Spurred on by a Steve Rubel article called "Become a Knowledge Management Ninja with Google Reader", I began to think about what Google Reader represents. Also, is knowledge management consistent with artificial intelligence? Also, what's the role of relevancy and how smart can people become?
Let's start with a constructive definition of intelligence:
- As we know, intelligence has a genetic and behavioral component
- Since what we read impacts our stored knowledge, reading better stuff will make us smarter
- The exponential explosion of information is causing our intelligence potential to suffer due to scarcity of attention
- Those who are thriving in the current attention economy tend to be knowledge workers, basically people who have some idea of where to go online for relevant information
- But the information explosion continues and those who do not embrace new relevancy-based techniques (what I call Relevancy2.0) may suffer
And now for the formulaic punchline.

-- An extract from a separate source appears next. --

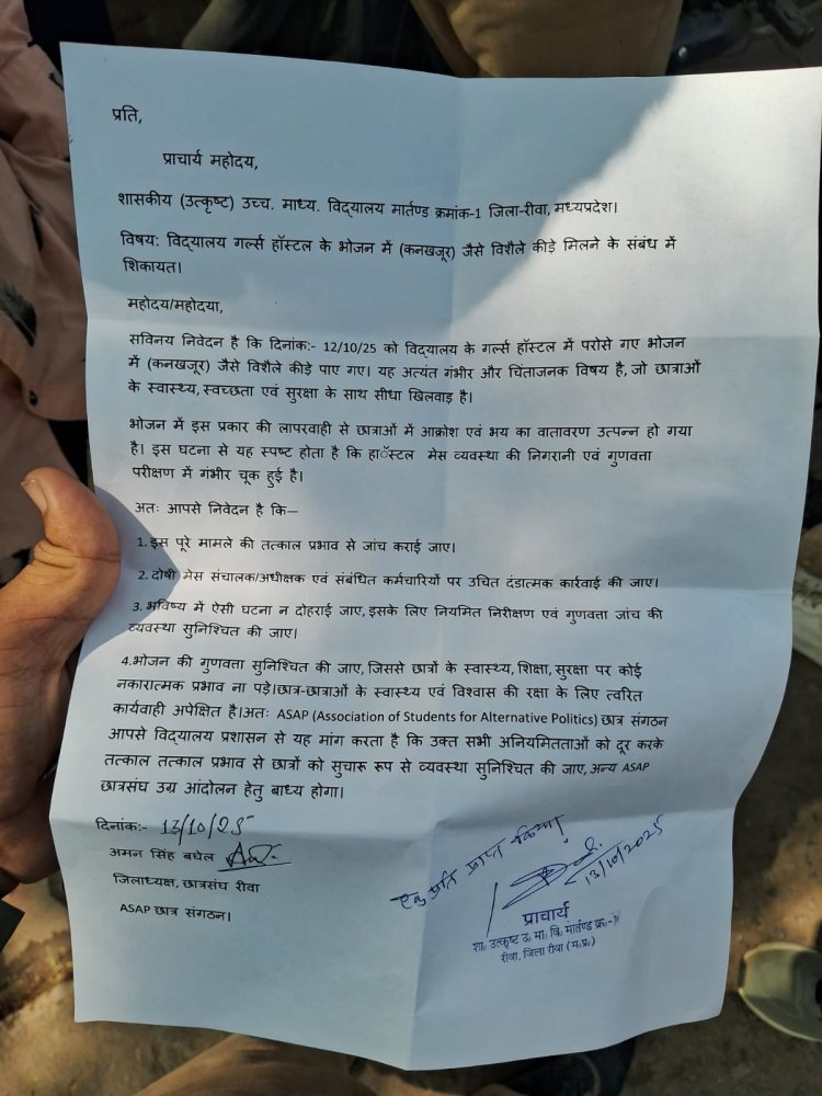 रीवा गर्ल्स हॉस्टल के खाने में मिला कीड़ा, छात्राओं की तबीयत बिगड़ी, प्रबंधन घेरे में

We can define intelligence iteratively:
Intelligence(N) = Intelligence(0) + Intelligence(1) + ... + Intelligence(N-1)
While this really doesn't help much, it provides a framework for discussion how intelligent we can be in the future. I'm 38 years old now, so if I want to define how smart I'll be when I'm 45, I could write:
Intelligence(45) = Intelligence(0..38) + Intelligence(38..45)

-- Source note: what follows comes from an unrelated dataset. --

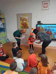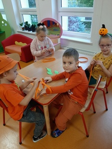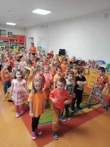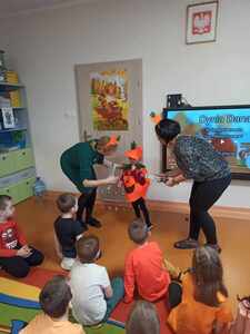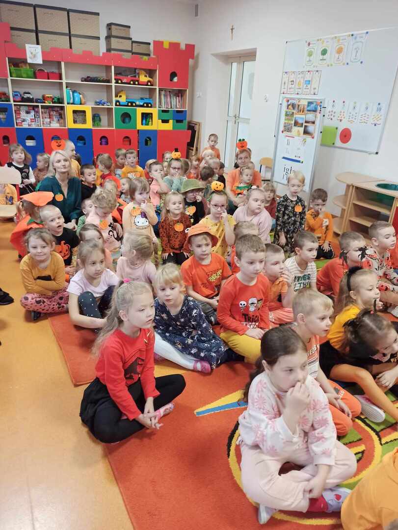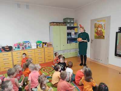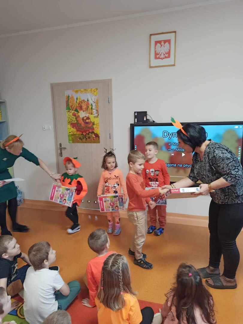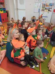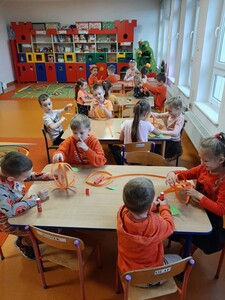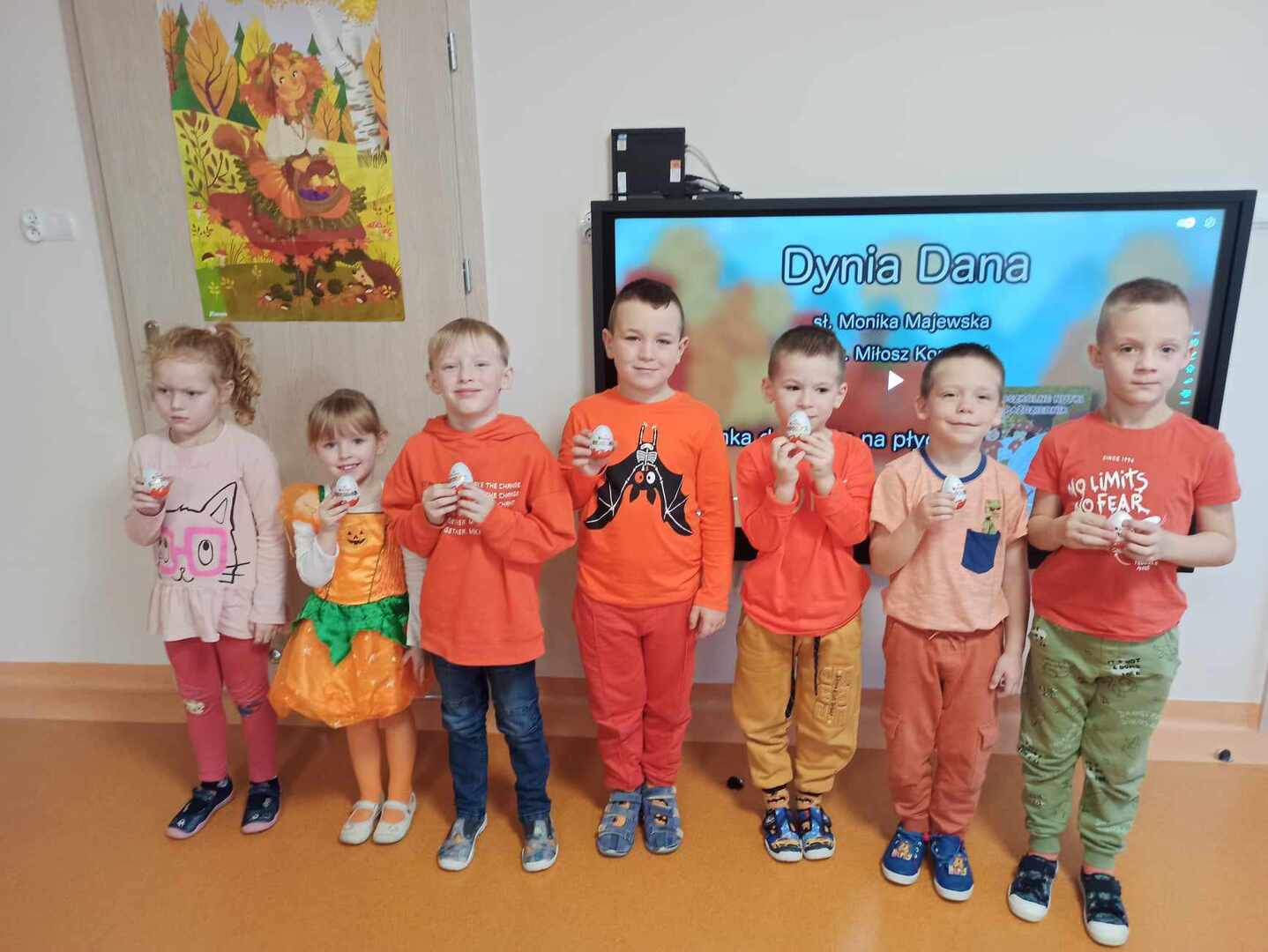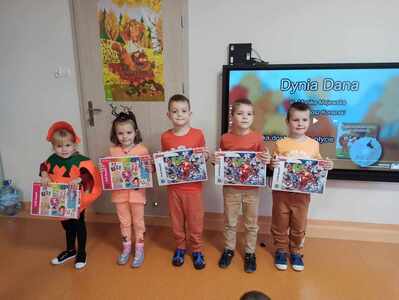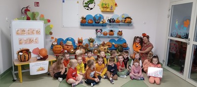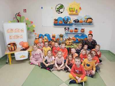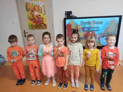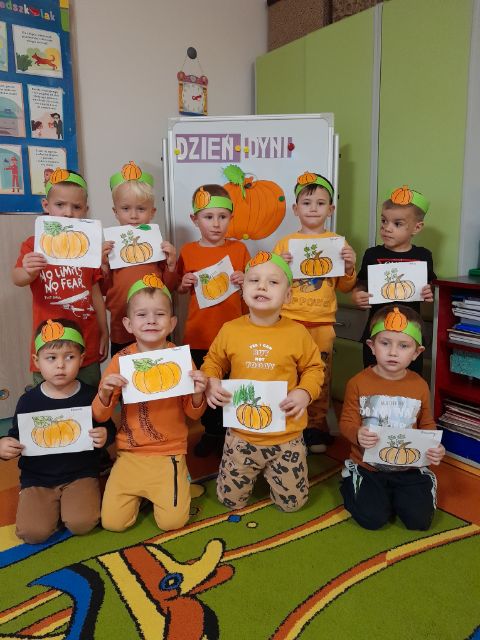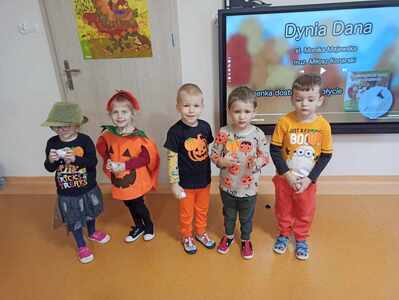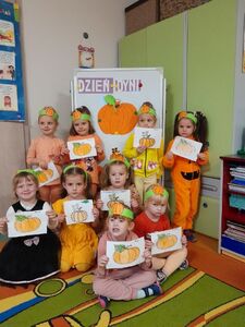 Dynia to bardzo zdrowe i urodziwe warzywo – przekonały się o tym nasze przedszkolaki, podczas obchodów ŚWIĘTA DYNI. Wśród dzieci ubranych na pomarańczowo, a nawet przebranych w dyniowe stroje, można było poczuć się jak na dyniowej grządce. Z filmu edukacyjnego przedszkolaki dowiedziały się co kryje się we wnętrzu tego warzywa, jakiego może być koloru, a także pod jaką postacią je spożywać. Dyniowe dekoracje i smakołyki pozwoliły odkryć wiele zalet tego niedocenionego warzywa, a przede wszystkim dały okazję do fantastycznej wspólnej zabawy. Dzieci przekonały się, że Dzień Dyni może być ciekawym świętem. Tego dnia został również rozstrzygnięty konkurs na "Najpiękniejszą dynię". Spośród pięknych dyniowych okazów wykonanych wspólnie przez dzieci i rodziców, wybrano pięć najładniejszych. Zwycięzcy otrzymali nagrody a pozostałe dzieci słodkie upominki. Gratulujemy.

In plain English, this just says that how smart I'll be at age 45 is my current intelligence plus any new intelligence I develop over the next 7 years. Of course, our IQ is supposed to be unchangeable over time, but what I'm talking about here is a practical working intelligence. Having a more experience mind makes us smarter than spotting abstract patterns in an IQ test.

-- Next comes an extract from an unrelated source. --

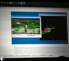 また、ビデオデータの手ぶれ補正にも適用しており、手ぶれをうまく整列させるサードパーティも出ているが、完全にはできません。そこで、Adobeではビデオの中で重要である中心の人物に焦点を置き、それ以外のところでひずみを発生させるというアプローチをとっています。背景に発生するひずみは非常に小さなものなので、ビデオを見てもきづきません。
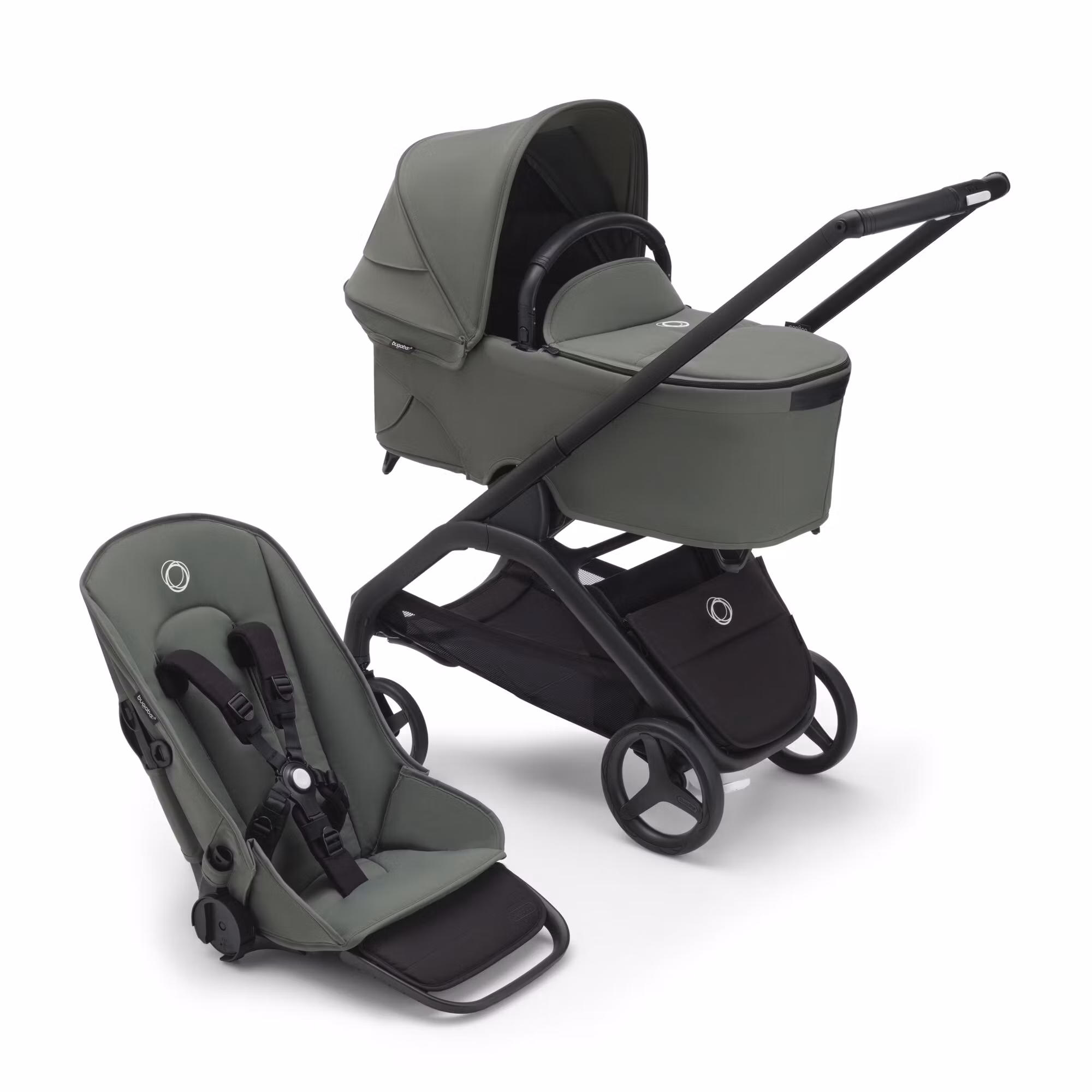 Helt nya Bugaboo Dragonfly Black Forest Green - Komplett barnvagn med Sittvagn och Liggdel.

So how can I write Intelligence(38..45)? And how do Google Reader and artificial intelligence play a role?
Theoretically, we have something like:
Incremental Intelligence(T) = function( time, ContentQuantity, ContentQuality )
That is, the person who will get smarter over any time period (the "T" above) will be the person who both:
- Makes sure any content consumed is relevant
- Consumes a lot of content
Role of Artificial Intelligence
Can artificial intelligence make us smarter? No, I think overall it will have the opposite effect. Most people will tend to gravitate toward what is easier. We may have various artificial intelligence agents at our disposal and I think it could cause mass laziness. However, a small group of people will become masters of artificial intelligence, basically being their bosses or learning to work with them. Those who tend to be voracious users of Google Reader like Steve Rubel or Robert Scoble will certainly be in this crowd.
I'll need to revisit these thoughts once I've thought through them some more, just wanted to begin exploring these ideas.